Is That Other Parent Really Your Enemy? – Part 5
You must stop competing against your ally. Competing against who? Get ready for some uncommon thinking. Why would a mom and step-mom have to compete when it relates to their child? Why would a dad and step-dad find themselves trying to outdo the other when it relates to their child? Sounds weird as I say it, right? The truth is, it’s common. This is the normal behavior found between a parent and a step-parent. Naturally a parent will compete to win their place in their child’s life or to just “show up” the other parent. However, this competition doesn’t have to exist and this is exactly what this lesson is about. There is a way to define each person’s role so that no one has to compete and your child(ren) doesn’t have to see a battle go on between the one he/she loves.
You must be you and they must be themselves.
Honestly, all your child(ren) wants from you is to be you. The competition that your child(ren) sees between you and the other parent is actually a result of the parents themselves. Be yourself and let your characteristics be the difference maker. Each person is unique and can’t be duplicated. Therefore, the child you share doesn’t expect the same from either parent unless the parents themselves set such expectations.
If you will for a second think back to when you were in grade school. Remember the teachers you had? Each year, you had a different teacher. On day one of class as a student, you might have compared the previous teacher to your current teacher, but after a week or so, that comparison went out the door. It went out of the door because your current teacher wasn’t trying to be or outdo your last teacher. He/she was simply herself/himself. As parents we must do the same if we want to make this thing called a blended-family work.
You have your own special place in your child(ren)’s life.
Never try to take anyone else’s place. When you do this, you begin to erode your own place and that erosion begins to build up in the place held by the parent whom you’re trying to trade places.
Be an addition (add value) if you need a place. You are needed in your own position. All other positions are taken. What I mean here is, by you being secure in who you are, you’re establishing your own place in your child(ren)’s life. Normal thinking would have you believe that someone else can take your place, but that’s not true. No one can replace you or what you bring to the table. Allow me to now help you define the roles at play.
When mentoring others, often we (Pamela & I) encourage other shared-time parents to never refer to being with their other parent as if they are going to spend time with the other parent. Rather we choose to say our child is going home and coming home. You see we tell our child(ren) that God has blessed them with two homes and with that blessing comes a lot of responsibilities and benefits.
You are blessed to have a child who has two homes.
I’m sure you’ve heard it said, “to whom much is given, much is required.” If you have been given much which most people would love, the side-effect is that it requires more of you, which very few desire. For example, one of the benefits of having two homes is you generally get two of everything; like birthdays. The side-effect to having two homes, for example, is making sure your school books are with you or your athletic bag is at the right home at the right time. Also, your child will have to understand that the rules for each place can and do differ. Since we’ve covered the physical aspects, let’s discuss the personal or relational aspects of having two homes.

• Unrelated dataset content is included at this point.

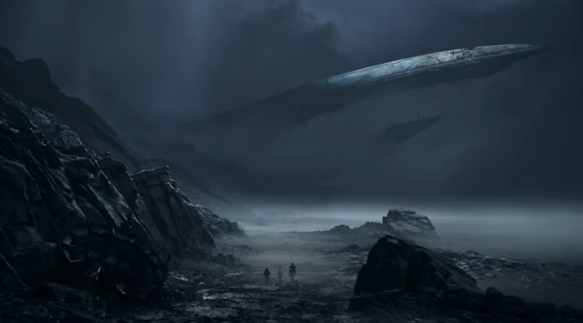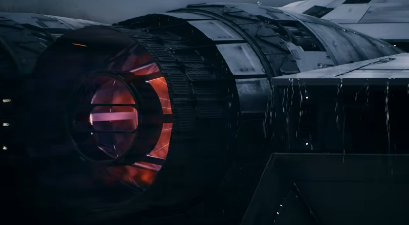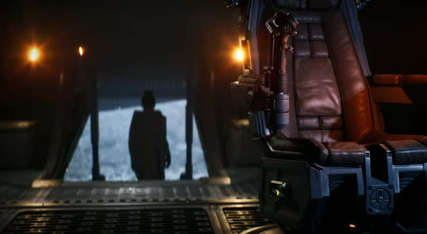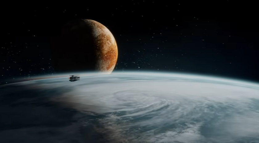 We open the trailer with a wide shot of a starship, a female is piloting the ship as it reaches its target location.

This next concept isn’t always an easy one to accept. However, the sooner that you do, the better life becomes for you, your child(ren) and the rest of your family. Pamela and I sat down and began strategizing; we formed a plan which we will share.
As far as it relates to your child(ren), the basic roles are that of mother and father. The simple definition of father is a male who is in relationship with their child(ren). A mother in simple terms is a female who is in a relationship with their child. This being the case, a child can have a mother who is not a blood relative. In other words, a person who is not a child’s biological mother can take on the role of mother and likewise a male who is not the biological father can assume the role of father. Since this is the case, then an uncommon perspective would be that two individuals can perform the same role. We tell our child(ren) in this case you have two people who hold the role of mother. So our child(ren) may have two fathers, but only one daddy. In the same way our child(ren) may have two mothers, but only one momma. Because we decided to define these roles as such, we created names for the step-parent relationship (i.e. our boys call me KAC) so that each person remained unique and no one fights for a role.

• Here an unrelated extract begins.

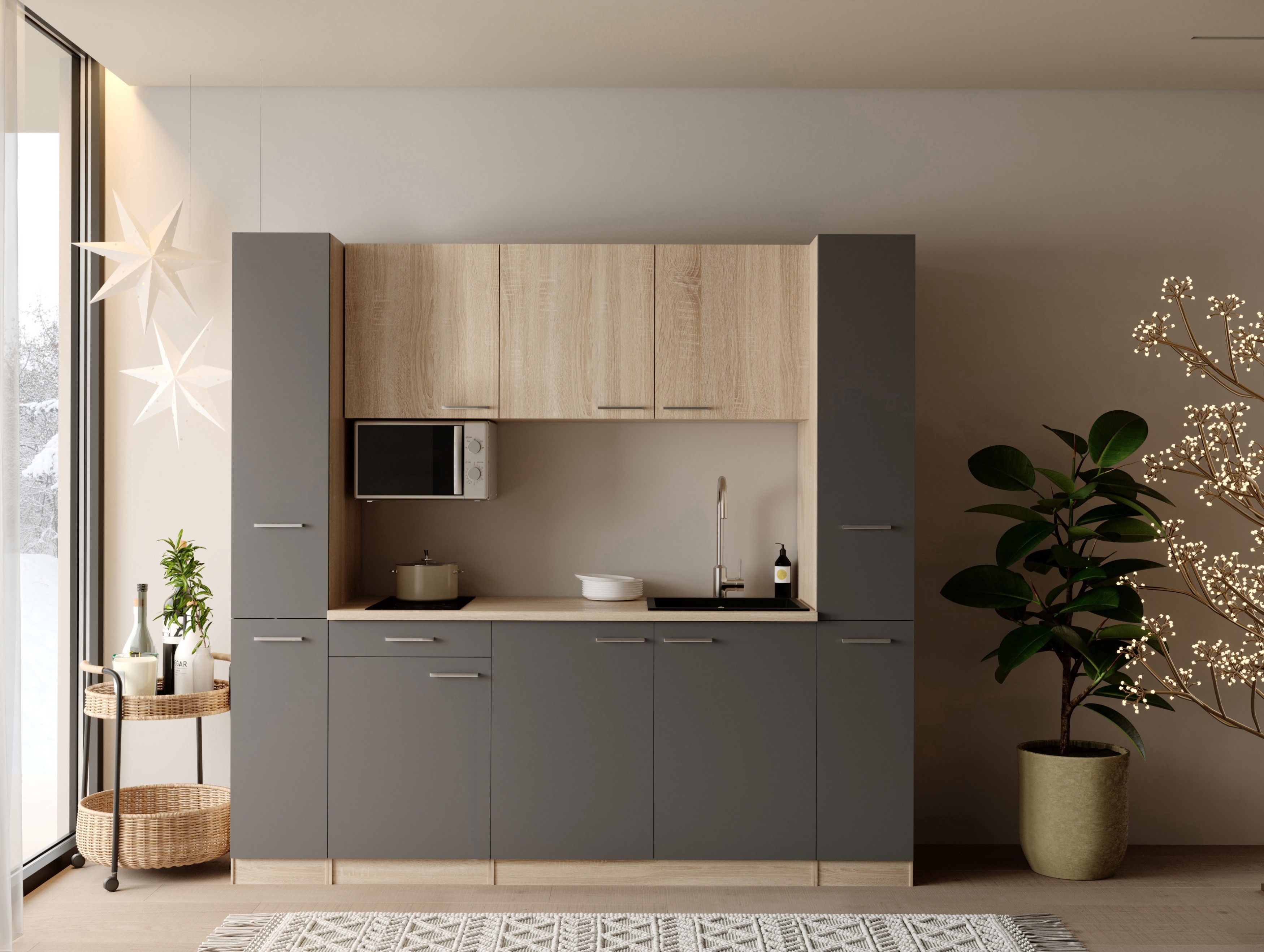 Singleküche Ingrid – 210 cm kompakte Komplettküche in Eiche Nordic mit Glaskeramikkochfeld und Mikrowelle

Now that each father or each mother has a unique name, each person can play their own role in the life of their child within their own blended-families. This process is so effective that most onlookers don’t know the differences and we’ve often received appreciation from the biological parent for how well we’ve participated in parenting with them.

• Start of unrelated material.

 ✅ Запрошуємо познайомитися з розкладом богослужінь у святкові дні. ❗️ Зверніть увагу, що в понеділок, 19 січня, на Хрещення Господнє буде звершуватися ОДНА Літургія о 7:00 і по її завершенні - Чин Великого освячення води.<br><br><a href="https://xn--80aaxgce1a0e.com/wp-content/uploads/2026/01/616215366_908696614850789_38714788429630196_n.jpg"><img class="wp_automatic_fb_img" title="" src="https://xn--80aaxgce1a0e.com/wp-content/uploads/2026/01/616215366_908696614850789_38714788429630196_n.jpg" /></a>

The fact is this. If you want to be different, you must become different. If you want it to work, then you must work it. If you want to succeed, then you must have a plan. Just because you have “a situation” that’s not ideal doesn’t mean it’s not grounds for others to envy what you have. In fact, our daughter once had a relative say to her, “I wish I had your ‘situation’.” Imagine that, a child in a non-blended family desiring to have what a child in a blended-family has. It’s time to put aside the excuse or limiting belief that’s holding you back and create a blended family that the world envies.
Question: what can you make happen if you stop competing with each other?